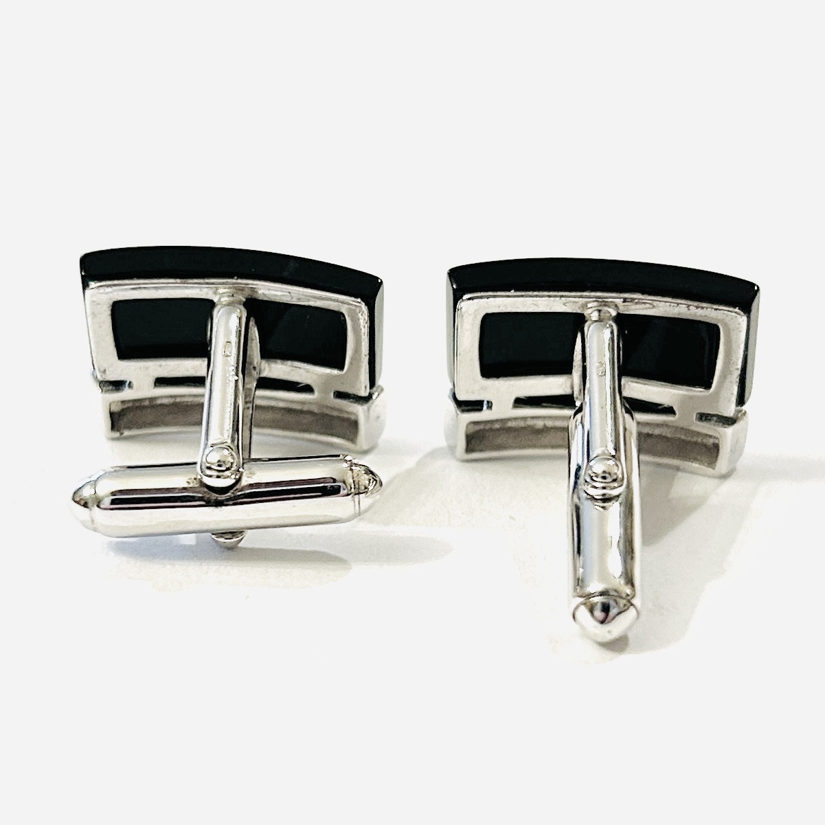 Moderní manžetové knoflíčky osazeny přírodními černými onyxy zakřiveného plochého obdélného brusu, linie kovu s jemně pískovaným povrchem. Evropská práce z 10. let 21. století.
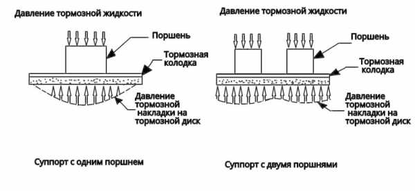 Фиксированные суппорты имеют большее число поршней (два или четыре), они больше по размеру и тяжелее плавающих суппортов. При работе в тяжелых условиях они допускают большее число экстренных торможений до наступления перегрева суппорта.
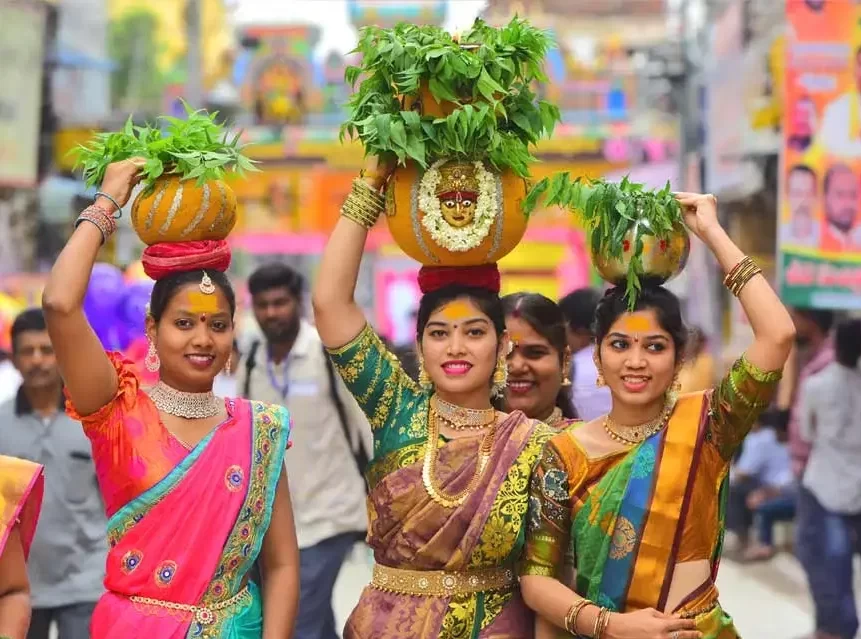 బోనాలు 2024: బోనాలు ప్రతి సంవత్సరం జరుపుకునే సాంప్రదాయ హిందూ పండుగ. హైదరాబాద్ మరియు సికింద్రాబాద్ జంట నగరాలలో ప్రముఖంగా జరుపుకునే రంగుల వ్యవహారం, మహాకాళి దేవిని గౌరవిస్తుంది. సాంప్రదాయ దుస్తులు ధరించిన స్త్రీలు దేవత బోనం సమర్పిస్తారు, ఇది సంస్కృత పదం భోజనం నుండి ఉద్భవించింది, అంటే తెలుగులో భోజనం లేదా విందు. బోనాల సందర్భంగా ప్రజలు మైసమ్మ, పోచమ్మ, ఎల్లమ్మ, పెద్దమ్మ, డొక్కాలమ్మ, అంకాలమ్మ, పోలేరమ్మ, మారెమ్మ, నూకలమ్మ వంటి ప్రాంతీయ రూపాల్లో అమ్మవారిని పూజిస్తారు. 2024లో బోనాలు ఎప్పుడు? బోనాలు 21 రోజుల పండుగ. రాష్ట్రంలోని ఇతర ప్రాంతాలతో పాటు జంట నగరాలైన సికింద్రాబాద్ మరియు హైదరాబాద్ ప్రతి సంవత్సరం ఈ ఉత్సవంలో పాల్గొంటాయి. ఇది జూలై మరియు/లేదా ఆగస్టులో వచ్చే ఆషాడ మాసం నెలలో గమనించబడుతుంది. ఈ ఏడాది జూలై 03 నుండి జూలై 24 వరకు మహంకాళి అమ్మవారికి అంకితం చేయబడిన పండుగను జరుపుకుంటారు. బోనాలు ఎందుకు జరుపుకుంటారు? మహంకాళి దేవిని పురస్కరించుకుని బోనాలు చాలా వైభవంగా మరియు వేడుకగా జరుపుకుంటారు. అమ్మవారికి బోనాలు సమర్పించడానికి ఉత్తమ సమయం ఆషాడ మాసం లేదా జూన్ చివరి నుండి ఆగస్టు వరకు, అత్యంత ప్రసిద్ధ బోనాల పురాణం ప్రకారం. ఇది మహాకాళి దేవి తన పూర్వీకుల నివాసానికి తిరిగి వచ్చినట్లుగా పరిగణించబడుతుంది. పెళ్లయిన కూతురు ప్రతి సంవత్సరం విహారయాత్ర కోసం తన తల్లిదండ్రుల ఇంటికి వెళ్లి శ్రద్ధతో విలాసంగా ఉంటే ఆమెను ఎలా ప్రవర్తిస్తారో ఈ పద్ధతి సమానంగా ఉంటుంది. బోనాలు ఎలా జరుపుకుంటారు? బోనాల పండుగ సందర్భంగా కుటుంబ సభ్యులు మాతృమూర్తికి నైవేద్యాలు సమర్పించి తమ ప్రియమైన వారికి, అతిథులతో పంచుకుంటారు. సాంప్రదాయ చీర, ఆభరణాలు మరియు ఇతర ఉపకరణాలలో మహిళలు ఈ ముఖ్యమైన సందర్భానికి దుస్తులు ధరిస్తారు. యుక్తవయస్సు ఆడవారు చోళీలు, ఆభరణాలు మరియు ఇతర సాంప్రదాయ స్వరాలతో సగం చీరలు లేదా లెహంగాలను ధరిస్తారు. పసుపు-వెర్మిలియన్, కంకణాలు మరియు మాతృ దేవతకు చీరతో పాటు, వారు వేప ఆకులు, పసుపు మరియు వెర్మిలియన్లతో అలంకరించబడిన తాజా ఇత్తడి లేదా మట్టి కుండలో పాలు మరియు బెల్లంతో వండిన ప్రత్యేక అన్నం యొక్క కుండలను తీసుకువెళతారు. బోనాలు మోసిన మహిళలు ఆలయం వద్దకు రాగానే, అమ్మవారి ఉగ్రరూపాన్ని శాంతింపజేసేందుకు ప్రజలు వారి పాదాలకు నీరు పోస్తారు. స్థానిక దేవతను గౌరవిస్తూ, కొంతమంది ట్రాన్స్డ్ లేడీలు డ్రమ్స్ లయబద్ధమైన దరువులకు అనుగుణంగా కుండ నృత్యాలు (బోనం) చేస్తారు. గతంలో దుష్టశక్తుల నుంచి బయటపడేందుకు గుడి ముందు మగ గేదెను బలి ఇచ్చేవారు, కానీ నేడు వాటి స్థానంలో కోళ్లను సమర్పిస్తున్నారు. ప్రతి సంవత్సరం, మహంకాళిని ప్రతిష్టించడానికి వేలాది మంది భక్తులు తరలివస్తారు. ఆషాఢమాస
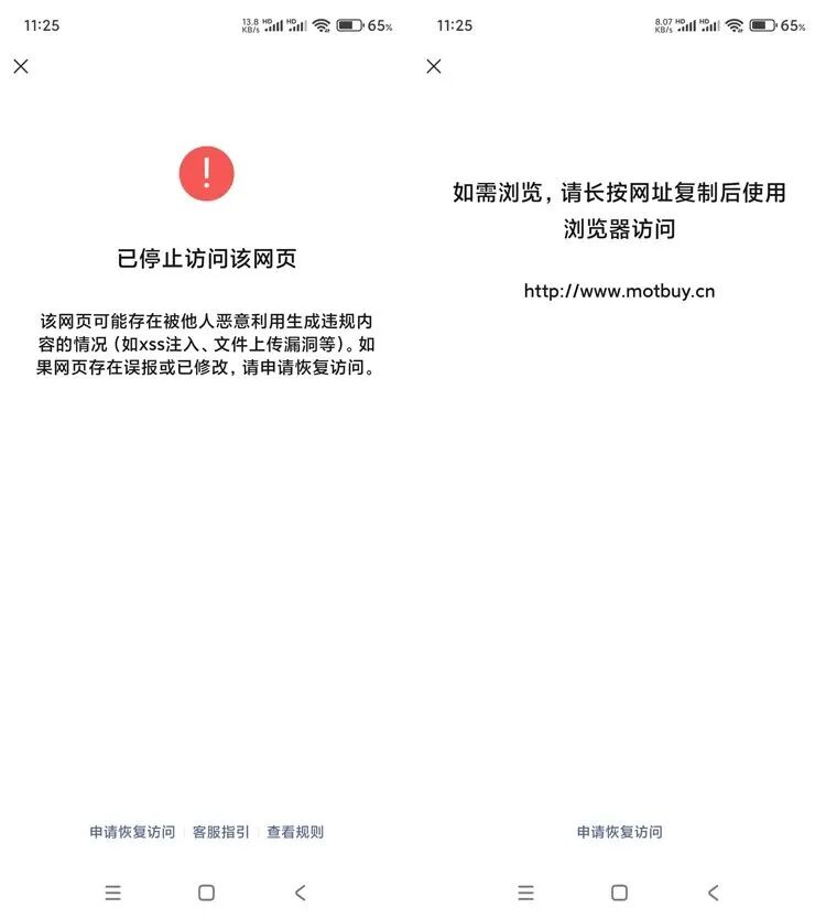 如图,图左为kexuny.cn打开提示有注入篡改,核实并没有被修改,页面仅为官网业务展示;图右同为同主题备案域名,为单一项目的介绍页,并无违规内容,但在微信中无法打开,十分影响用户体验和业务交流。通过拦截页申请恢复提交了很多次,每次都是提示三个工作日内通过过微信团队公众号回复审核情况,从来没有收到过核查信息,请专员帮助反馈核实,谢谢!以下附域名页面截图
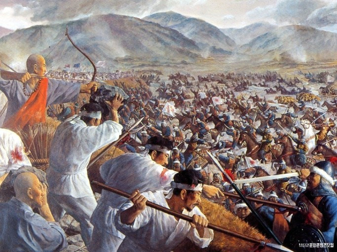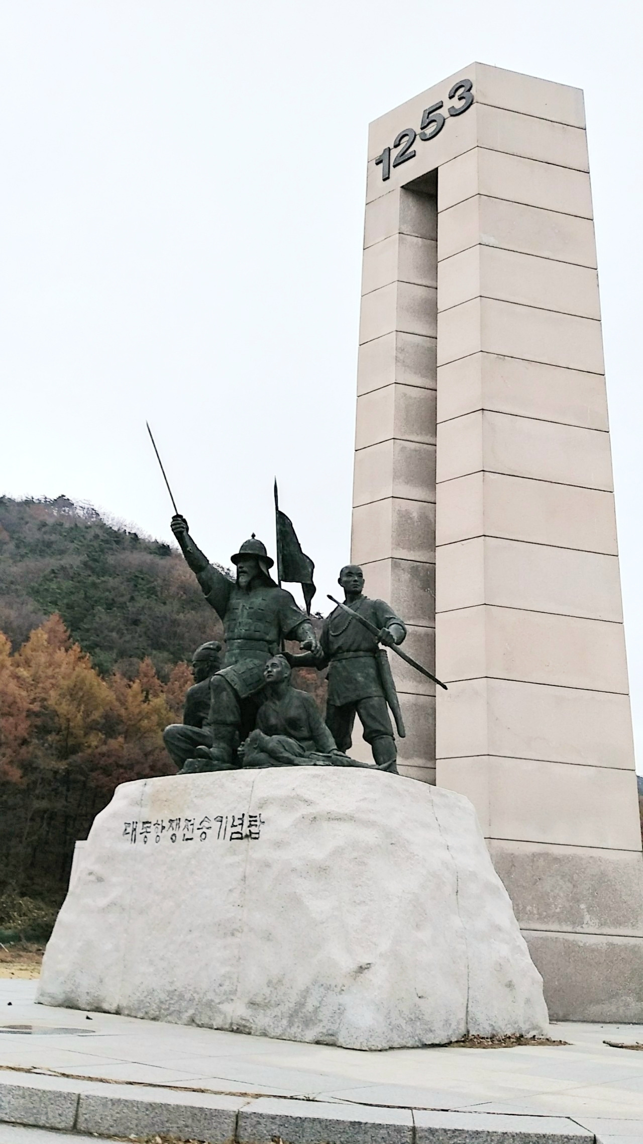 들머리 계단을 오르면 고개가 내려다 보이는 산자락 언덕 위에 대몽항쟁 전승기념탑이 우뚝 솟아 있다. 1253년 이 지역 군관 승려 농민 노비 등이 방호별감 김윤후의 지휘 하에 혼연일체로 결사 항전하여 몽고군의 제5차 침입을 격퇴시킨 쾌거를 전하는 탑이다. 김윤후는 1232년 몽고의 제2차 침입 때에도 용인 처인성에서 적장 살리타를 사살한 영웅이다.
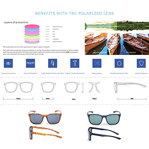 Comfort Fit - Our injection plastic frame is both flexible and lightweight, with a comfortable fit for everyday wear TAC Polarized Lens – Offer Top UV Protection filtering 100% of all UVA/UVB and Harmful Blue Light Up to 400nm.
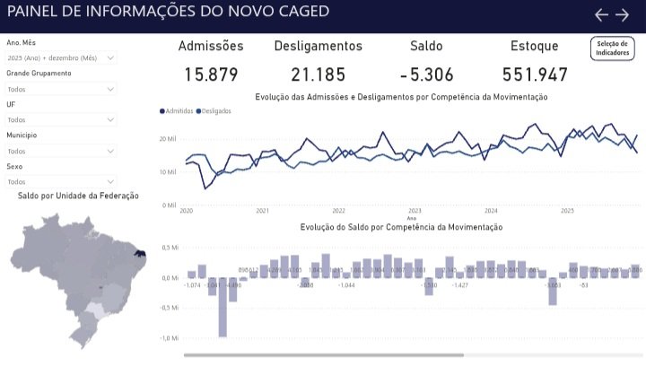 O Rio Grande do Norte terminou o ano de 2025 com um saldo de 15.870 novos empregos com carteira assinada, segundo dados do Cadastro Geral de Empregados e Desempregados (Caged) divulgados nesta quinta-feira (29) pelo Ministério do Trabalho e Emprego.
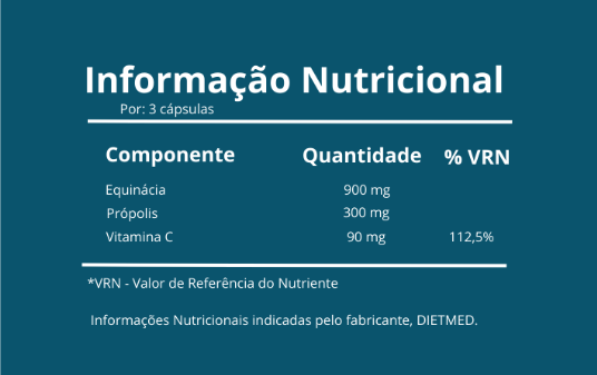 Equinácia (Echinacea purpúrea L.; extrato da raiz); Própolis; Gelatina; agente de volume: maltodextrina; Ácido L-ascorbico; Antiaglomerantes: sais de magnésio de ácidos gordos, dióxido de silicio .
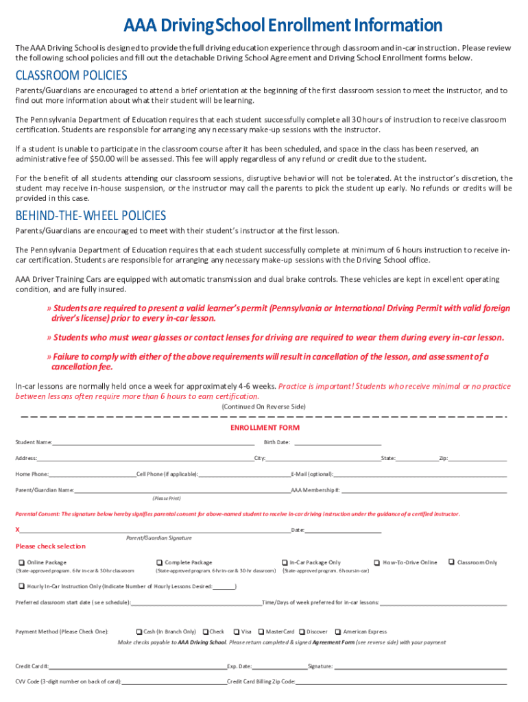 The AAA Driving School is designed to provide the full driving education experience through classroom and Inca instruction. Please review
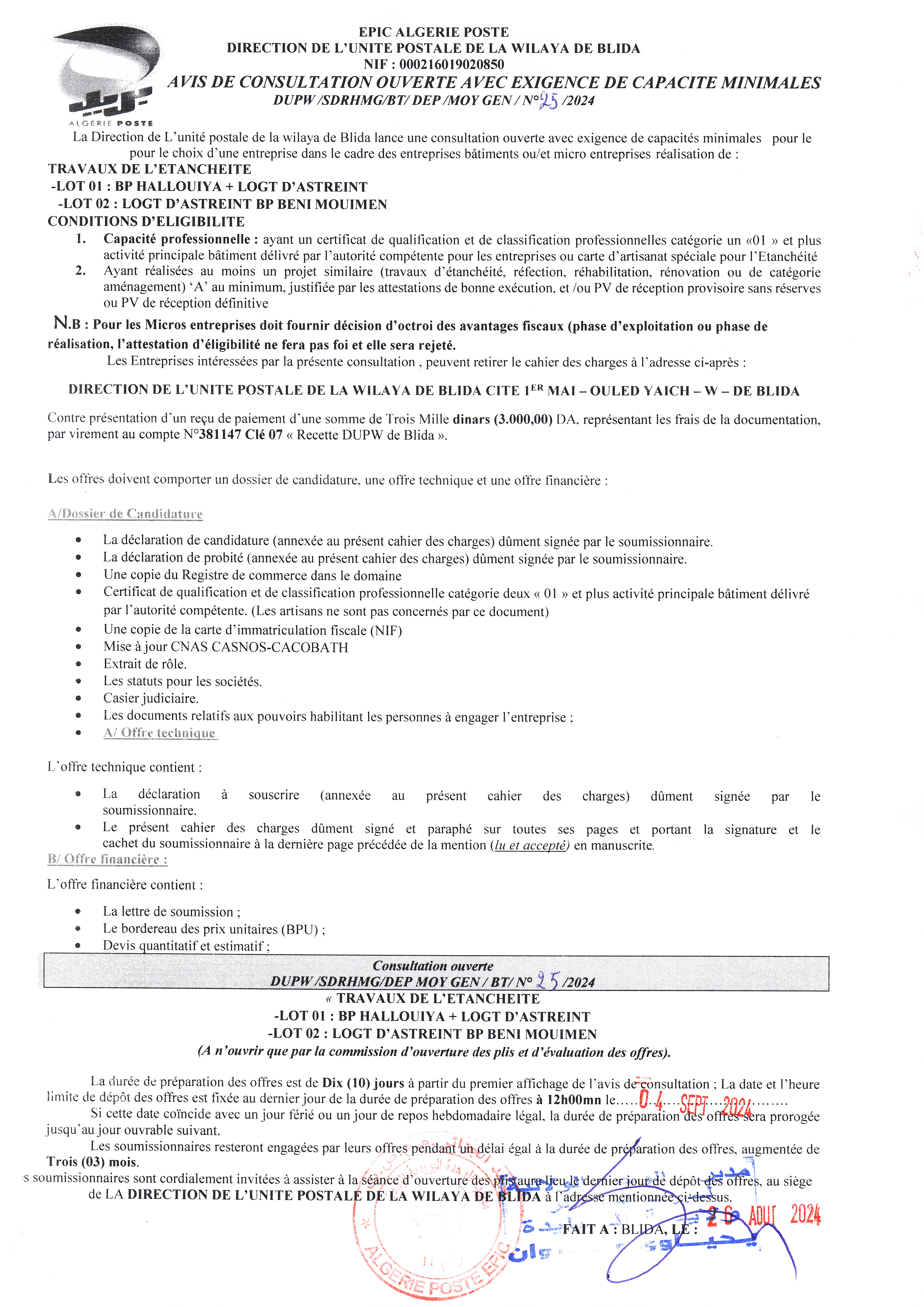 Objet : Travaux d'étanchéité en 02 lots BLIDA
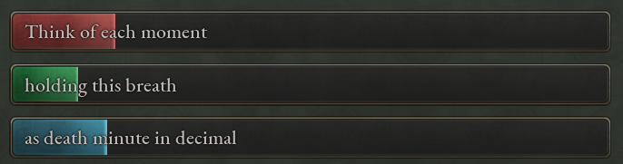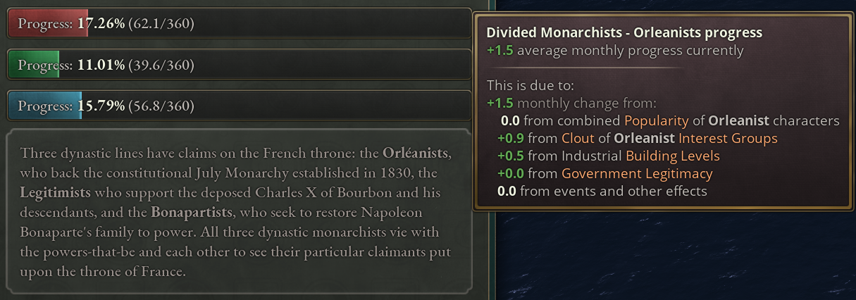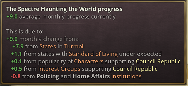 Each scripted progress bar has certain conditions which can change its progress on a weekly, monthly, or yearly basis, and can be changed by means of scripted effect, using the new “add_progress” and “set_bar_progress” effects.
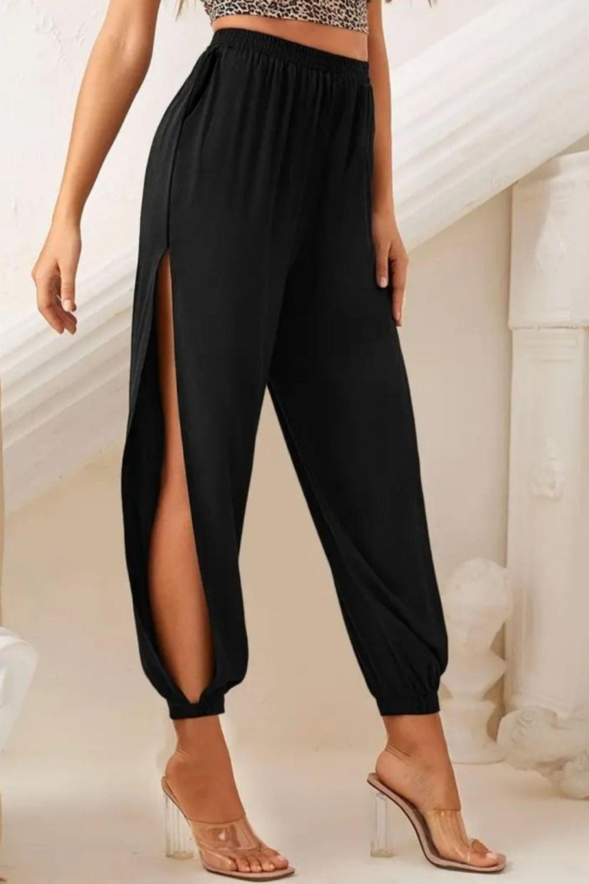 Siyah Yırtmaçlı Yoga Dans Pantolon Şalvar Siyah Yırtmaçlı Yoga Dans Pantolon Şalvar YRTMCSLVR2 M
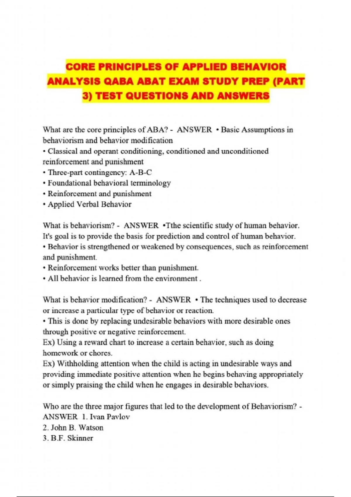 CORE PRINCIPLES OF APPLIED BEHAVIOR ANALYSIS QABA ABAT EXAM STUDY PREP...

REQUIRED ACTION: Only the lines from the one containing "Each scripted progress" through the last line of the data above, both included, belong in the reply, each restated exactly and without pictures.

EXERCISE RESPONSE:
 Each scripted progress bar has certain conditions which can change its progress on a weekly, monthly, or yearly basis, and can be changed by means of scripted effect, using the new “add_progress” and “set_bar_progress” effects.
 Siyah Yırtmaçlı Yoga Dans Pantolon Şalvar Siyah Yırtmaçlı Yoga Dans Pantolon Şalvar YRTMCSLVR2 M
 CORE PRINCIPLES OF APPLIED BEHAVIOR ANALYSIS QABA ABAT EXAM STUDY PREP...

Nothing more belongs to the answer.